[LISTED ENTRIES]

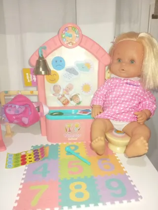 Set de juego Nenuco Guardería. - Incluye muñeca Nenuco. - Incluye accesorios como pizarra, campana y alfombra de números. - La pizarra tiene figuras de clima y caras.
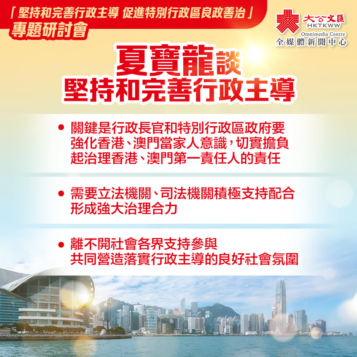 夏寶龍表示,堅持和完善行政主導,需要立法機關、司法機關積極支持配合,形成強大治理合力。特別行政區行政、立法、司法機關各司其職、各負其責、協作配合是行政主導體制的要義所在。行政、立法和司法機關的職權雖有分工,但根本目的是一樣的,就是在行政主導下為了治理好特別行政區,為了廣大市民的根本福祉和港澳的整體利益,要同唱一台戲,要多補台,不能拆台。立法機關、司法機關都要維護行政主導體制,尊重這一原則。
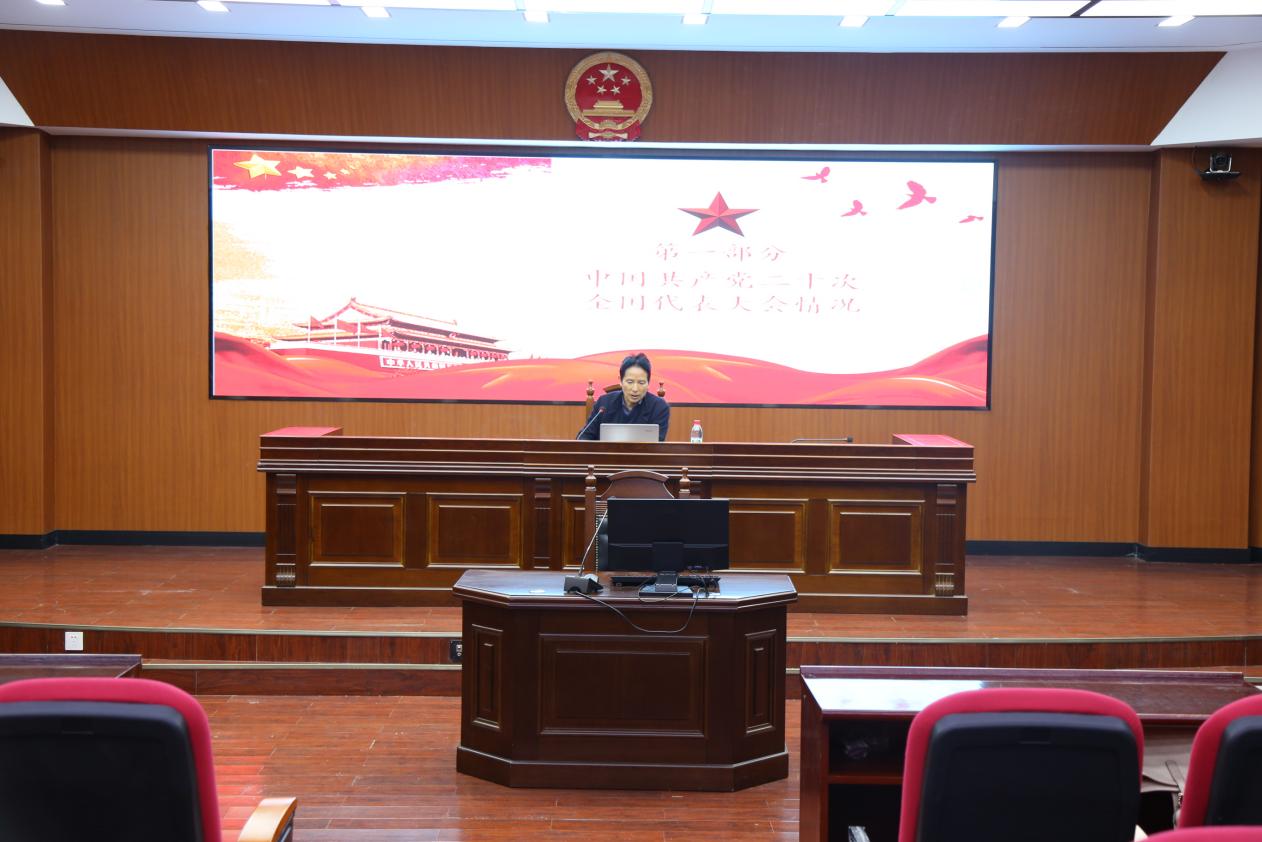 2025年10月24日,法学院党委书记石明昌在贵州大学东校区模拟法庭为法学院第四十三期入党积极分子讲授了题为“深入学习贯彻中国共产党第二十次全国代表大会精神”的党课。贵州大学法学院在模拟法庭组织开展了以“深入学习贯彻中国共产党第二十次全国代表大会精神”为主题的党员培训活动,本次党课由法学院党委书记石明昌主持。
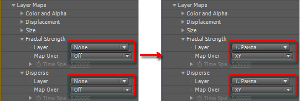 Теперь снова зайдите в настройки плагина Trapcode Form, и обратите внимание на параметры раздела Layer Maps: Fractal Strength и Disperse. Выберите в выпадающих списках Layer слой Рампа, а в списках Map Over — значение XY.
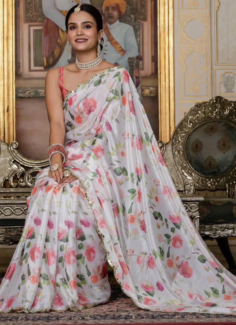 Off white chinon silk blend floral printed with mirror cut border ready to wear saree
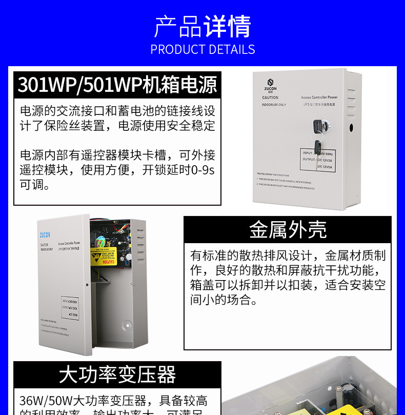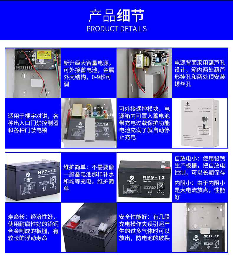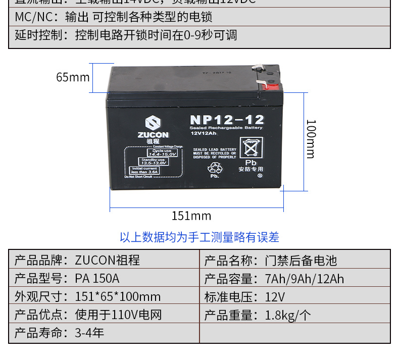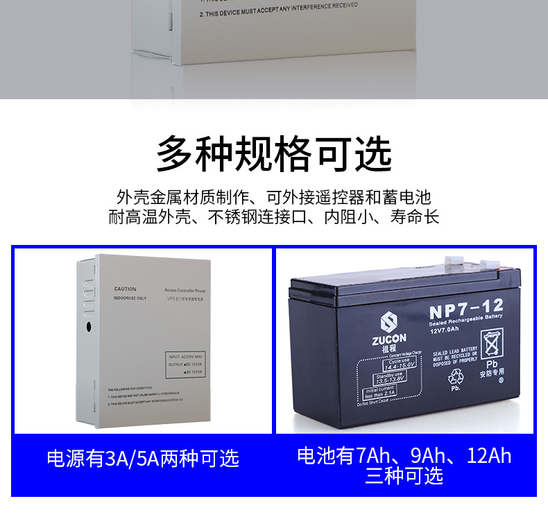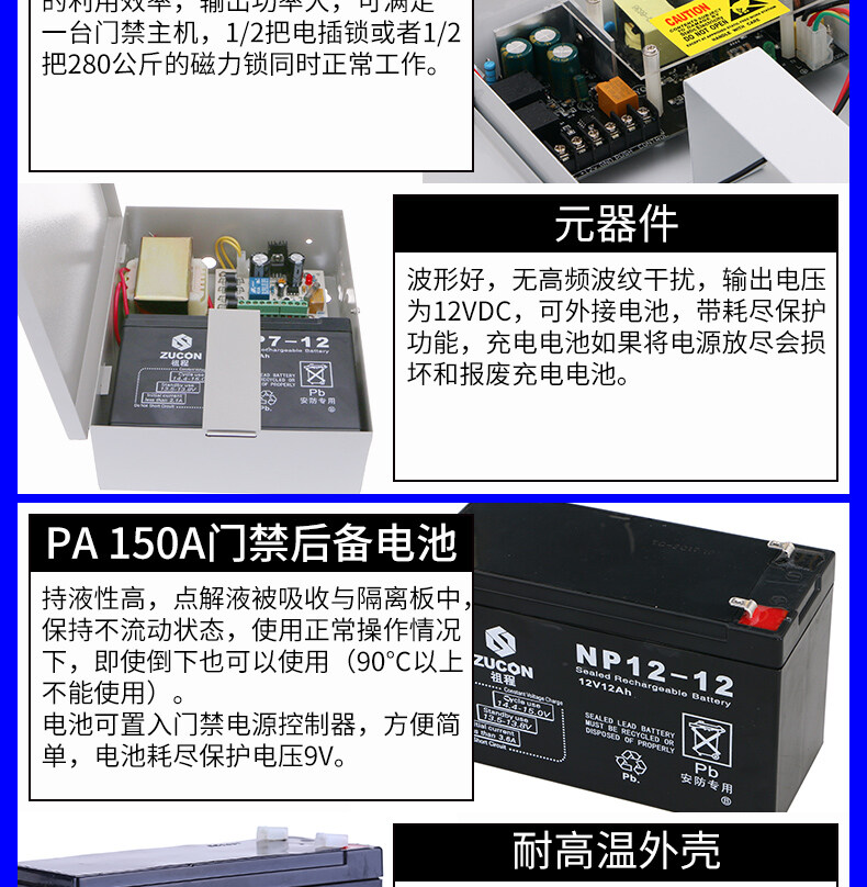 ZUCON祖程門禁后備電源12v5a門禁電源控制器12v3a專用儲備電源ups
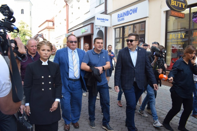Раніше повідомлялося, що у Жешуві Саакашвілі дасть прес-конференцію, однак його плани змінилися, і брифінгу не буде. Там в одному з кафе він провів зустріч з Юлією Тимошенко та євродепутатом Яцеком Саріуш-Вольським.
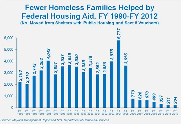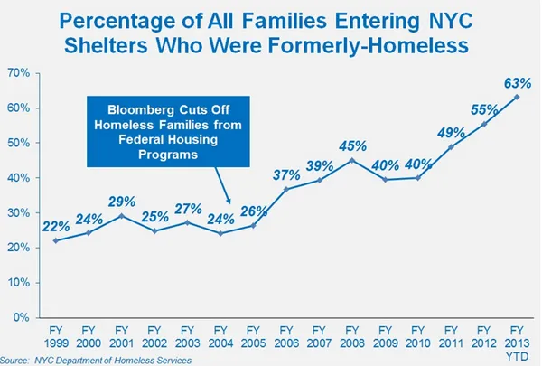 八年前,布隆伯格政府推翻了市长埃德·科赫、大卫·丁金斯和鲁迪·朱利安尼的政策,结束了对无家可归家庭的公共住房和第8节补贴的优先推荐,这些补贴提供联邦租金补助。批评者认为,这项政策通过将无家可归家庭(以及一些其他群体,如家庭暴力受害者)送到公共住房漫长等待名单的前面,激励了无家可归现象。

[/LISTED ENTRIES]

**TASK:**
Skipping any pictures, copy the entries exactly as they appear.

**ANSWER TO THE EXERCISE:**
 Set de juego Nenuco Guardería. - Incluye muñeca Nenuco. - Incluye accesorios como pizarra, campana y alfombra de números. - La pizarra tiene figuras de clima y caras.
 夏寶龍表示,堅持和完善行政主導,需要立法機關、司法機關積極支持配合,形成強大治理合力。特別行政區行政、立法、司法機關各司其職、各負其責、協作配合是行政主導體制的要義所在。行政、立法和司法機關的職權雖有分工,但根本目的是一樣的,就是在行政主導下為了治理好特別行政區,為了廣大市民的根本福祉和港澳的整體利益,要同唱一台戲,要多補台,不能拆台。立法機關、司法機關都要維護行政主導體制,尊重這一原則。
 2025年10月24日,法学院党委书记石明昌在贵州大学东校区模拟法庭为法学院第四十三期入党积极分子讲授了题为“深入学习贯彻中国共产党第二十次全国代表大会精神”的党课。贵州大学法学院在模拟法庭组织开展了以“深入学习贯彻中国共产党第二十次全国代表大会精神”为主题的党员培训活动,本次党课由法学院党委书记石明昌主持。
 Теперь снова зайдите в настройки плагина Trapcode Form, и обратите внимание на параметры раздела Layer Maps: Fractal Strength и Disperse. Выберите в выпадающих списках Layer слой Рампа, а в списках Map Over — значение XY.
 Off white chinon silk blend floral printed with mirror cut border ready to wear saree
 ZUCON祖程門禁后備電源12v5a門禁電源控制器12v3a專用儲備電源ups
Раніше повідомлялося, що у Жешуві Саакашвілі дасть прес-конференцію, однак його плани змінилися, і брифінгу не буде. Там в одному з кафе він провів зустріч з Юлією Тимошенко та євродепутатом Яцеком Саріуш-Вольським.
 八年前,布隆伯格政府推翻了市长埃德·科赫、大卫·丁金斯和鲁迪·朱利安尼的政策,结束了对无家可归家庭的公共住房和第8节补贴的优先推荐,这些补贴提供联邦租金补助。批评者认为,这项政策通过将无家可归家庭(以及一些其他群体,如家庭暴力受害者)送到公共住房漫长等待名单的前面,激励了无家可归现象。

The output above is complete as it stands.